Many individuals opt to work for themselves, with 11% of professionals choosing to be their own boss. This grants greater schedule flexibility, and increases potential income. That said, being self-employed often means working longer hours, as your livelihood depends on expanding your network of clients and developing business opportunities.

Work setting varies with specialization. Clinical dietitians provide nutritional therapy in hospitals, so are surrounded by wards, patients and medical staff. Management dietitians design, plan and budget meal programs and typically work in cafeterias, schools, prisons or hospitals. On the other hand, community nutritionists talk to lots of specific groups, so travel frequently.

Dietetics ranks highly in job satisfaction. When asked to describe its most positive aspects, one dietician answered “before the patient is discharged, I try to do a teaching session with them. It’s wonderful to see them dressed and looking healthier. They’re asking you questions, they’re motivated to eat well…it feels like I’ve made a difference.”

How to become a Dietitian

Most in the profession have a minimum of a Bachelor’s degree in dietetics, food and nutrition, clinical nutrition or a related field. Many universities offer four year degree programs, in which students take courses such as biology, chemistry, nutrition and psychology.

After graduation, graduates must complete several hundreds of hours of supervised work experience in the form of an internship. Some schools include work placements in their programs, whereas others expect you to find one after graduating.

Regulations fluctuate considerably between states. Most require licensing, or at least some form of certification. On the other hand, some states have no regulations. Typically, obtaining a license requires applicants to have attained a relevant Bachelor’s degree, completed a supervised work placement, as well as passing licensing exams.

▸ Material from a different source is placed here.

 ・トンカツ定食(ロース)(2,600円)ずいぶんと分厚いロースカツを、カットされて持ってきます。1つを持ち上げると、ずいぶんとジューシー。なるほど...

Although certification is not compulsory, many employers prefer, or even require, candidates to be certified. The most common credential is the Registered Dietetic Nutritionist (RDN) certificate, which requires a bachelor’s degree and internship experience to obtain. In order to maintain license and certification, dietitians must complete continuing professional education requirements.

Career Outlook

Now is a great time to start a career in dietetics, as it’s a dynamic, fast growing field. BLS expects dietitian employment opportunities to grow by 21% in the 2012-2022 projection period, which is faster than average.

Demand is driven by multiple factors. With a third of the U.S population obese, incidences of chronic diseases such as diabetes are rising. Dietitians are needed to provide nutritional advice, and support people to improve their dietary habits, helping the country become leaner and healthier. Secondly, as the baby-boom population ages, elderly people are looking for ways to remain active and healthy, also driving demand.

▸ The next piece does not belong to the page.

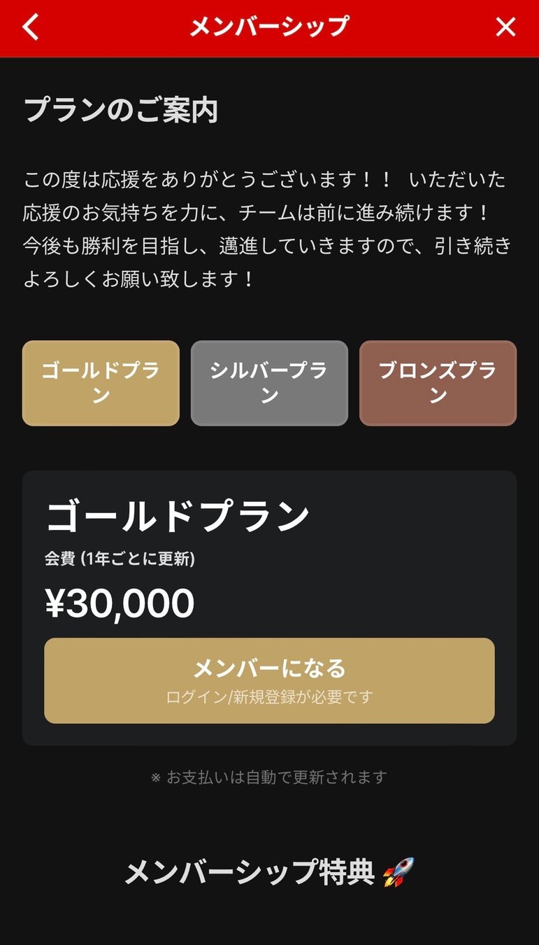 メンバーシップ機能からファンクラブ会員になって頂くと、チームから特別なグッズをお届けします!

As with all health care professions, job prospects are particularly sensitive to current healthcare legislation. With medical funding expected to rise, hospitals are able to hire more dietitians, and expanded health care coverage means people are more likely to take advantage of their services.

Related Careers

Medical doctors treat and diagnose various illnesses and diseases. They use a variety of tests and examinations to identify their patient’s medical condition. They then design treatment plans and prescribe medication to promote recovery. Becoming a doctor involves graduating from medical school. The average annual income of medical doctor’s in 2013 was $187,000 (BLS).

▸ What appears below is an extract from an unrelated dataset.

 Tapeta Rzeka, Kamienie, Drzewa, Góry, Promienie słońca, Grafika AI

Dentists perform a wide variety of dental treatments to improve the oral health of their patients. With extensive knowledge of oral diseases and conditions, they diagnose clients and treat them accordingly. Becoming a dentist involves graduating from dental school, then passing the licensing exam. Dentists can specialize in a number of areas, all of which require further education, such as orthodontics or oral pharmacology. According to BLS, the average pay for dentists was $149,310 in 2012.